Brain-derived neurotrophic factor prevents phencyclidine-induced apoptosis in developing brain by parallel activation of both the ERK and PI-3K/Akt pathways.

Phencyclidine is an N-methyl d-aspartate receptor (NMDAR) blocker that has been reported to induce neuronal apoptosis during development and schizophrenia-like behaviors in rats later in life. Brain-derived neurotrophic factor (BDNF) has been shown to prevent neuronal death caused by NMDAR blockade, but the precise mechanism is unknown. This study examined the role of the phosphatidylinositol-3 kinase (PI3K)/Akt and extracellular signal-regulated kinase (ERK) pathways in BDNF protection of PCP-induced apoptosis in corticostriatal organotypic cultures.

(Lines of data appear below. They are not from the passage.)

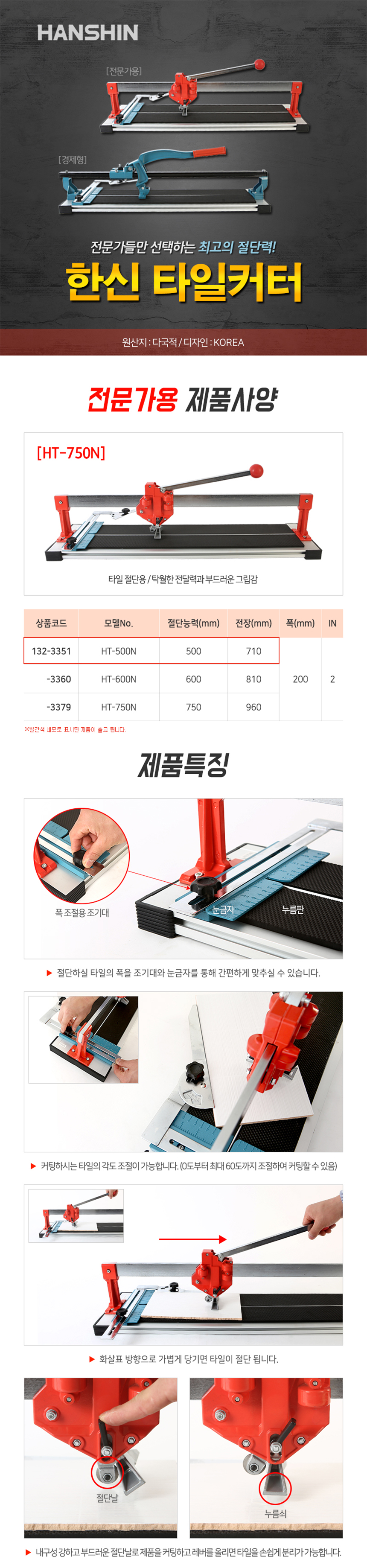 한신 타일커터(N) HT-500N 외날 (전문가용) , 타일캇타,타일컷터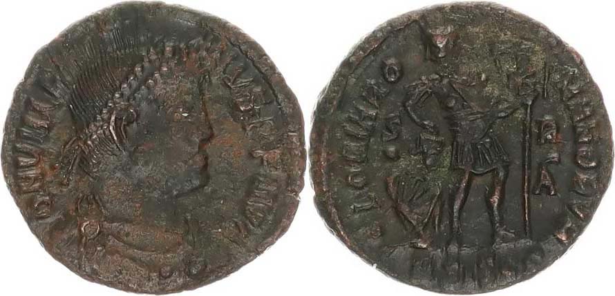 AE 17, kráčející císař nese labarum a vleče zajatce za vlasy GLORIA ROMANORVM mincovna Siscia 2,22 g KAMP. s.450, č. 155.40.1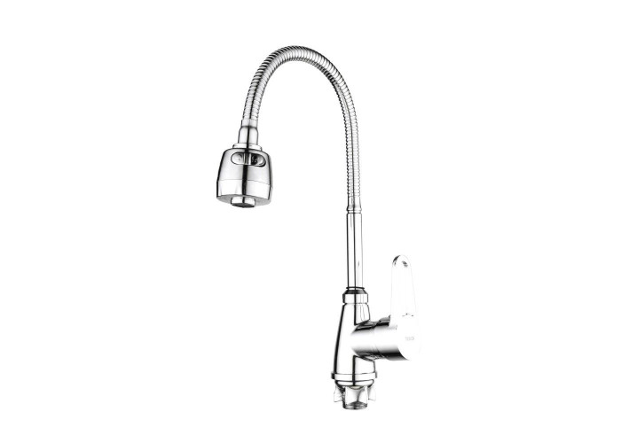 Смеситель для кух. с гиб. изливом, кер. картридж ø40, гайка, пластиковая ручка, подводки 55 KAG-4004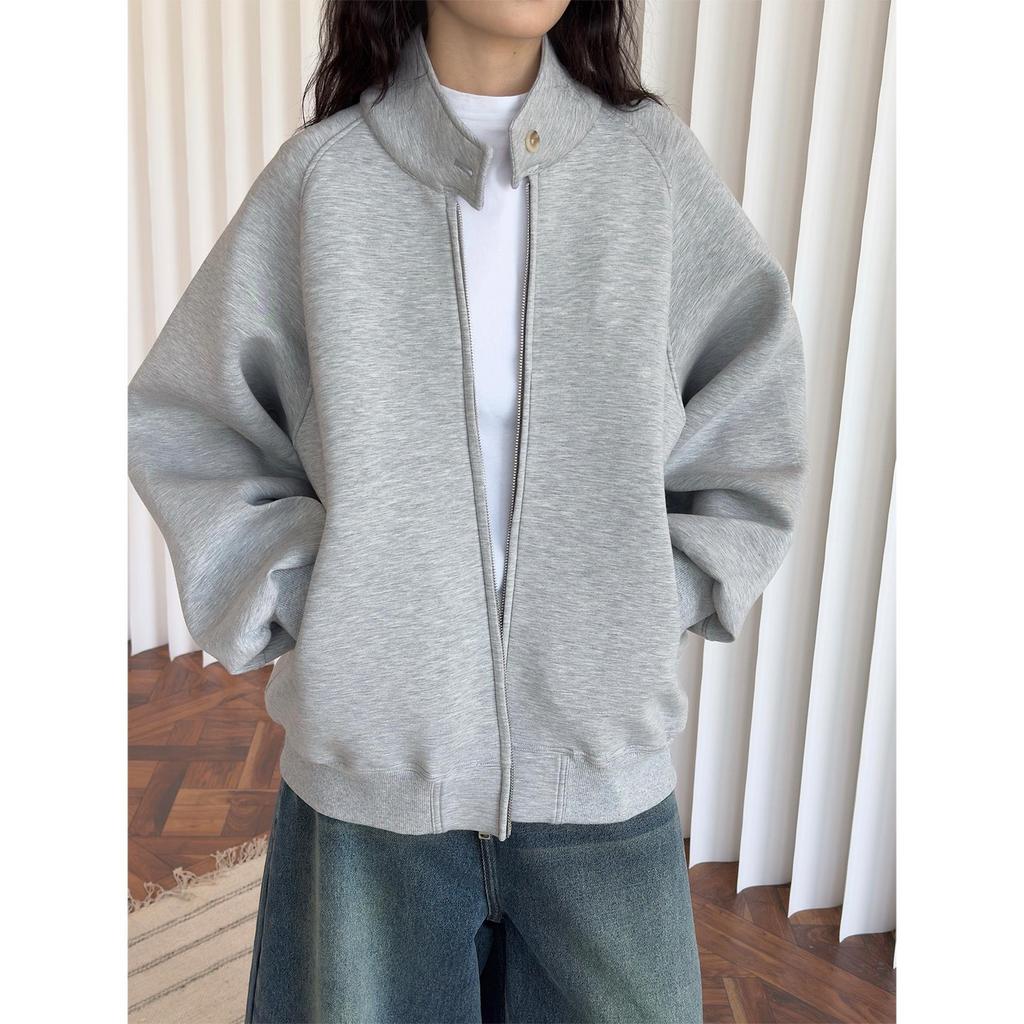 Louvre Spring Retro Stand Collar Zip Sweatshirt - Soft Loose Jacket for Women

It was observed that BDNF inhibited PCP-induced apoptosis in a concentration-dependent fashion. BDNF effectively prevented PCP-induced inhibition of the ERK and PI-3K/Akt pathways and suppressed GSK-3beta activation. Blockade of either PI-3K/Akt or ERK activation abolished BDNF protection. Western blot analysis revealed that the PI-3K inhibitor LY294002 prevented the stimulating effect of BDNF on the PI-3K/Akt pathway, but had no effect on the ERK pathway. Similarly, the ERK inhibitor PD98059 prevented the stimulating effect of BDNF on the ERK pathway, but not the PI-3K/Akt pathway. Co-application of LY294002 and PD98059 had no additional effect on BDNF-evoked activation of Akt or ERK. However, concurrent exposure to PD98059 and LY294002 caused much greater inhibition of BDNF-evoked phosphorylation of GSK-3beta at serine 9 than did LY294002 alone. Finally, either BDNF or GSK-3beta inhibition prevented PCP-induced suppression of cyclic-AMP response element binding protein (CREB) phosphorylation. These data demonstrate that the protective effect of BDNF against PCP-induced apoptosis is mediated by parallel activation of the PI-3K/Akt and ERK pathways, most likely involves inhibition of GSK-3beta and activation of CREB.